• [Stored data]:

● ● ●

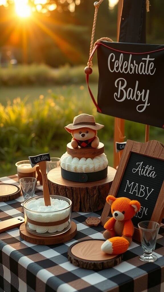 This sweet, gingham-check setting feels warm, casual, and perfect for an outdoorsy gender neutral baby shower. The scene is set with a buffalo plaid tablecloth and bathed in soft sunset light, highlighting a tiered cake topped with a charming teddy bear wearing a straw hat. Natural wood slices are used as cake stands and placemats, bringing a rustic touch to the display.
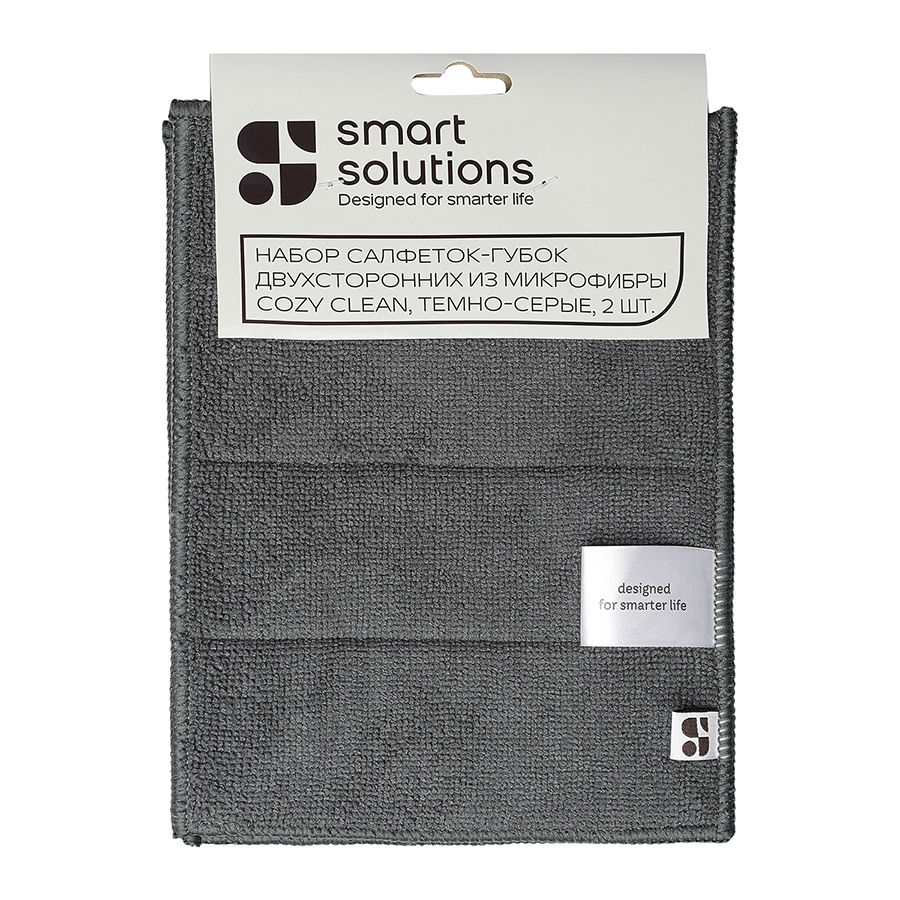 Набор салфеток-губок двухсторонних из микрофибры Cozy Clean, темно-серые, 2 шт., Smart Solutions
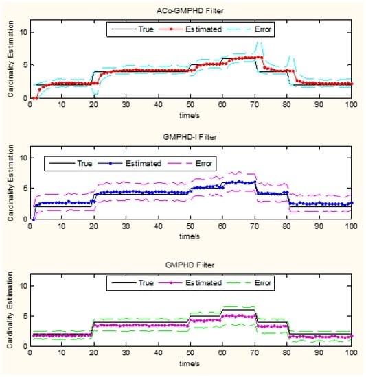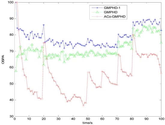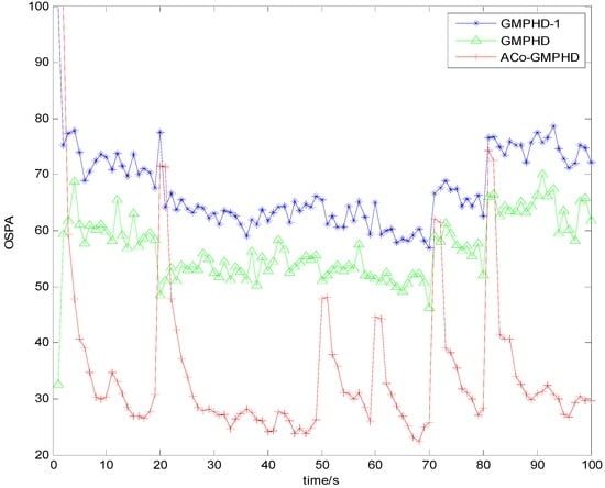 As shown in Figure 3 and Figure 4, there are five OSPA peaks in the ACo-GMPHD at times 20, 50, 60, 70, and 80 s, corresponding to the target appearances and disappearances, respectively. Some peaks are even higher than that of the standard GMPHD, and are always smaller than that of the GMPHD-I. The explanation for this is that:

● ● ●

Leaving out the pictures, transcribe the material above exactly.

 This sweet, gingham-check setting feels warm, casual, and perfect for an outdoorsy gender neutral baby shower. The scene is set with a buffalo plaid tablecloth and bathed in soft sunset light, highlighting a tiered cake topped with a charming teddy bear wearing a straw hat. Natural wood slices are used as cake stands and placemats, bringing a rustic touch to the display.
 Набор салфеток-губок двухсторонних из микрофибры Cozy Clean, темно-серые, 2 шт., Smart Solutions
 As shown in Figure 3 and Figure 4, there are five OSPA peaks in the ACo-GMPHD at times 20, 50, 60, 70, and 80 s, corresponding to the target appearances and disappearances, respectively. Some peaks are even higher than that of the standard GMPHD, and are always smaller than that of the GMPHD-I. The explanation for this is that:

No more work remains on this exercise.